In the second module in the session, attention moved away slightly from the issue of socio spatial relation and on to the value-or not-of poststructural philosophies. The module began with an 'unashamedly subjective paper' by Pamela Shurmer-Smith (Portsmouth) entitled ' Geographers and jouissance'. After explaining that an attachment to the word ' jouissance'

came before her detailed reading of French deconstructionists such as Cixous and Deleuze and Guattari, the paper went onto outline advertising. The paper picked up nicely, and moved on, some of the arguments concerning the significance of spatial relations by demonstrating how

woemn are portrayed in perfume adverts as almost universally dislocated from place. The next paper by Marcus Doel (Liverpool John Moores) entitled ' On vampires becoming

indifferent to the seduction of exhaustion', continued the exploration of poststructuralism, and indeed also drew upon the ideas of Deleuze and Guattari. The paper argued that geographers are increasing, and unnecessarily, gripped by a fear of loosing a sense of purpose or reason to act. The fear is created by the postmodern and poststructuralist critiques of notions of truth and value and is expressed by a concern to avoid relativism, textualism, nihilism and perspectivism, it was argued that these fears are effectively paralysing geographers, making them unable to act. The way to avoid this paralysis is, so it was claimed, to adopt the tactics of ' indifference' and 'abandonment'. Thought should be allowed to flow rather than being hemmed in by our fears.
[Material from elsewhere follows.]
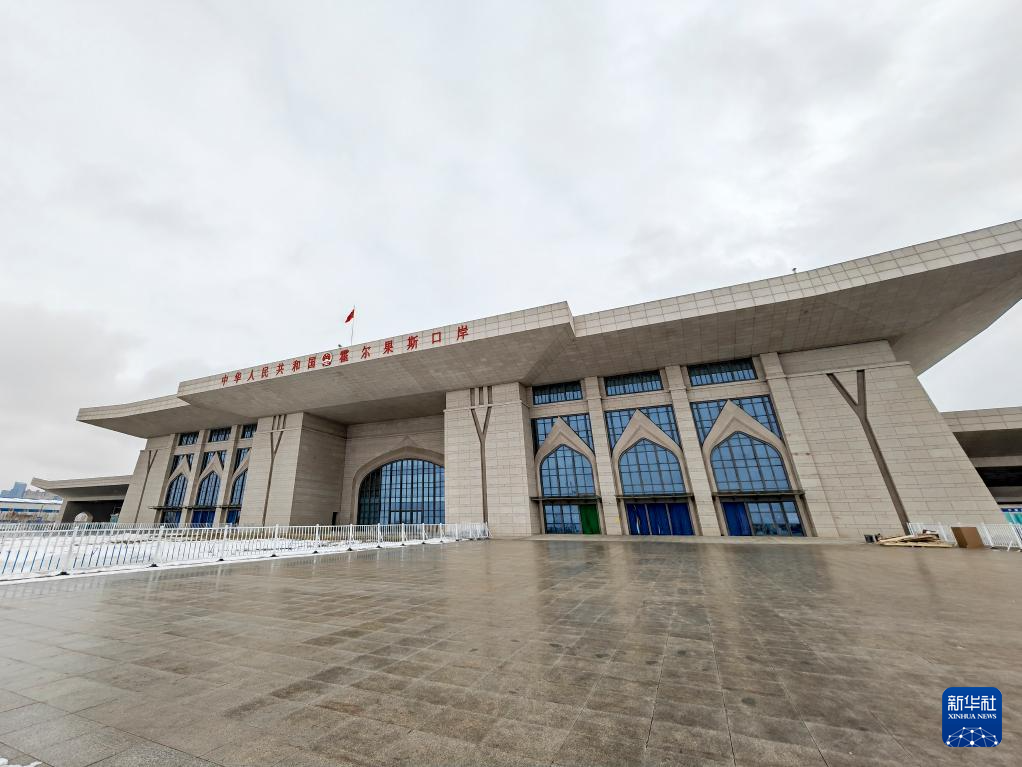 这是2月2日拍摄的中国新疆霍尔果斯公路口岸第六代国门。

The final paper in the session, ' A light on the margins ', given by Karen De Bres (Kansas State University, USA), provided an interesting contrast with the two preceding papers in that theme of the paper was not so much philosophical as practical/political. The paper examined the role of women in the American Geographical Society between 1855 and 1913 sought to highlight how women's participation in the Society was heavily constrained and yet despite this many succeeded in making considerable contributions as teachers, writers and travellers. The paper served as a valuable contrast to the two preceding papers in this module and a lively debate followed about the significance of biography within poststructuralist thought and the political implications of allowing thoughts to flow wherever desires suggest.